Reproduce the records that follow in full, excluding any picture they contain.

**GIVEN INFORMATION:**

Start of Block

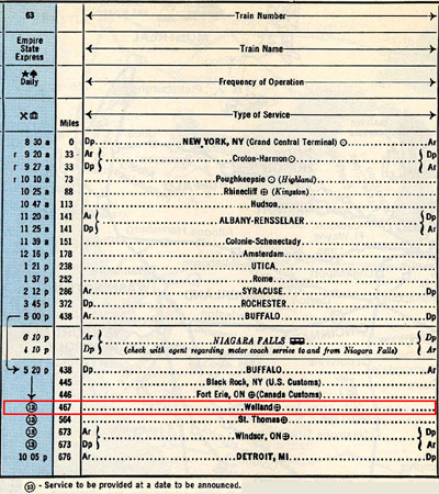 [ Detroit, MI - Windsor, ON - Buffalo, NY - New York, NY ] Amtrak planed to stop at Welland, ON in 1975, but it never happened |
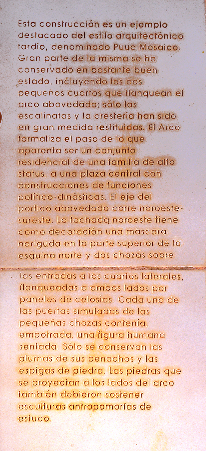 Detail of INAH plaque above; Spanish description.       Jan. 2003
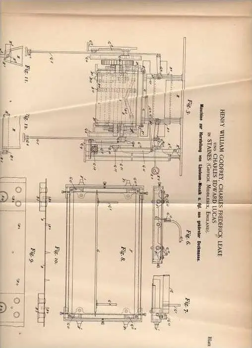 Original Patentschrift - Ch. Lucas in Staines , 1894 , Linoleum - Mosaik - Machine !!!
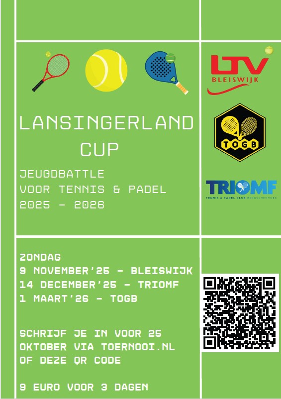 Neem jij de cup van deze allereerste editie mee naar huis? In samenwerking met LTC Triomf en LTV Bleiswijk organiseren we dit jaar een supergezellig jeugdtoernooi voor tennis & padel: De Lansingerland Cup! Inschrijven kan nu.
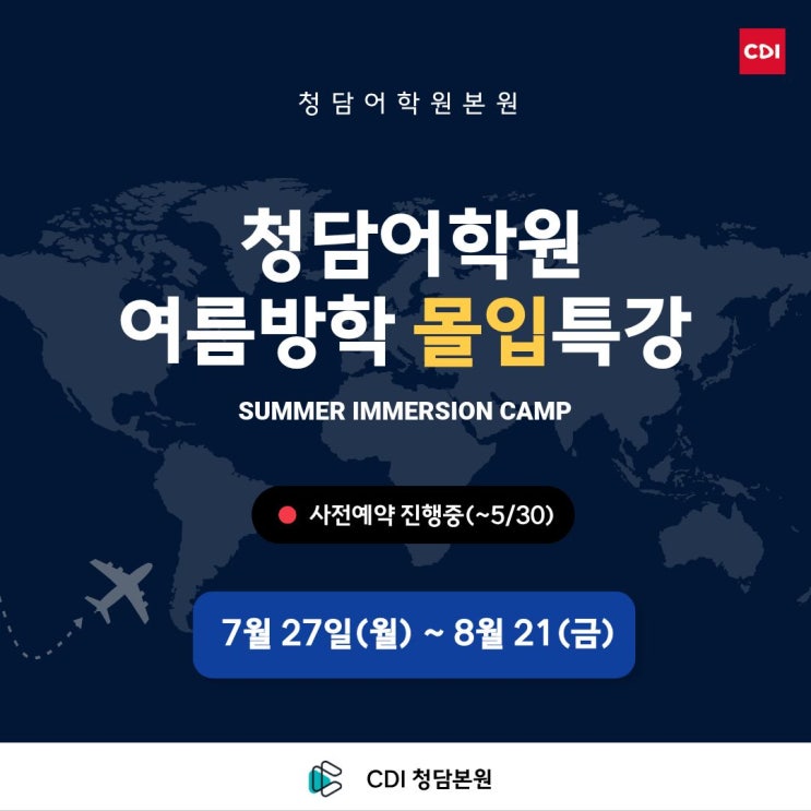 [청담어학원 본원] ★7/27(월)개강★ 26 여름방학 몰입특강 사전예약(~5/30)

End of Block

**REPLY:**
 [ Detroit, MI - Windsor, ON - Buffalo, NY - New York, NY ] Amtrak planed to stop at Welland, ON in 1975, but it never happened |
 Detail of INAH plaque above; Spanish description.       Jan. 2003
 Original Patentschrift - Ch. Lucas in Staines , 1894 , Linoleum - Mosaik - Machine !!!
 Neem jij de cup van deze allereerste editie mee naar huis? In samenwerking met LTC Triomf en LTV Bleiswijk organiseren we dit jaar een supergezellig jeugdtoernooi voor tennis & padel: De Lansingerland Cup! Inschrijven kan nu.
 [청담어학원 본원] ★7/27(월)개강★ 26 여름방학 몰입특강 사전예약(~5/30)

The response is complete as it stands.